The experience of Prado and the communes is clearly at
odds with Hetland’s interpretation of the Venezuelan government under Maduro. Hetland
makes no mention of critical supporters among writers and political figures
both Venezuelans and non-Venezuelans, but refers extensively to the recently
formed group “Comunes,” composed of leftists who supported Chávez and now demonize
Maduro.
Similarly, in his discussion of the protests that
followed the July 28, 2024 presidential elections, Hetland fails to take into
account a viewpoint on the left that runs counter to his own. He writes: “The
government responded to the largely peaceful protests with brutal repression,
arresting around two thousand protesters.” There is a different side of the
story coming from the Left, although the two sides may not be totally mutually
exclusive. Following the two days of protest on July 29 and 30, Attorney
General Tarek William Saab presented extensive evidence alleging that on those
two days delinquents in cahoots with the Venezuelan right carried out attacks on
symbols of the state: 11
Metro installations, 28 metrobuses, 27 police vehicles, 27 statues, 57
educational institutions, 10 National Electoral Council facilities, and 10 headquarters
of the governing party. Prior to Chávez’s rise to power, Saab was a leading
champion of human rights and his denunciations of violence instigated by the
opposition deserve to be considered seriously, even if they are ultimately refuted.

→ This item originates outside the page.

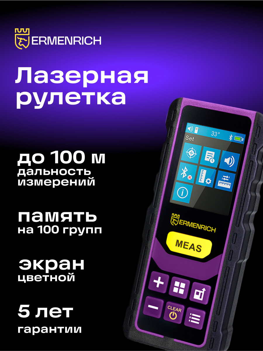 Лазерная рулетка Ermenrich Reel GL100 – это компактный инструмент для пространственных измерений всех видов: объема, площади, углов в пределах 0–180°, расстояний, вертикалей, длины. Кроме простых измерений, в приборе также предусмотрена функция «Пифагор», позволяющая косвенно определять расстояние между двумя точками через два промежуточных замера. Рулетка может работать как в режиме одиночного измерения, так и в режиме сканирования. Для повышения точности работы инструмента пользователю доступна настройка точки отсчета: ей может считаться как объектив рулетки, так и нижняя часть корпуса прибора. Ermenrich Reel GL100 предназначена для измерений в пределах 100 метров.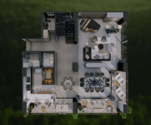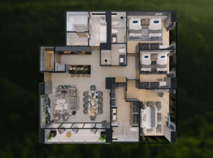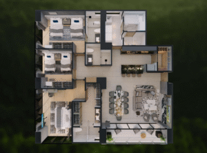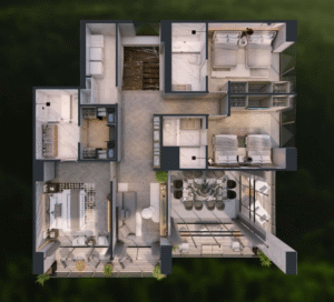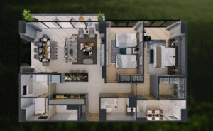 Este departamento Tipo 2A mantiene el estándar de lujo y amplitud de Realeza, con una configuración de tres recámaras y un diseño optimizado para el esparcimiento y la vida social.

Another example of Hetland’s lack of objectivity is
his accusation that I justify political repression in Venezuela—an assertion he
fails to substantiate. Given the gravity of the charge, there is no excuse for
making it without carefully examining the facts. Hetland cites my use of the
term “taking the gloves off” in reference to Maduro: “Therefore, while it may
be regrettable that Maduro has engaged in repression (‘taking the gloves off’),
this [according to Ellner] is more or less justified.” Yet my statement conveyed
something quite different. What I actually wrote was: “Some
left analysts fault Maduro for taking off the gloves and not abiding by the
norms of liberal democracy. In some cases, the criticisms are valid but they
have to be contextualized.”
Contextualization is not the same as justification. To
take an extreme example, one may point out that NATO’s eastern expansion has
long been a source of great concern for Russian leaders. The statement,
however, does not necessarily signify support for Putin’s decision to invade
Ukraine.
In fact, I criticized important aspects of Maduro’s “playing
hard ball” and “taking the gloves off” strategy. I called the government’s
official recognition of a small splinter faction of the Communist Party of
Venezuela (PCV) – rather than the main party that included all the principal Communist
leaders – “a minus for the Maduro government.” I also noted that the same tactic
had previously been used against other opposition parties, which I stated “undeniably…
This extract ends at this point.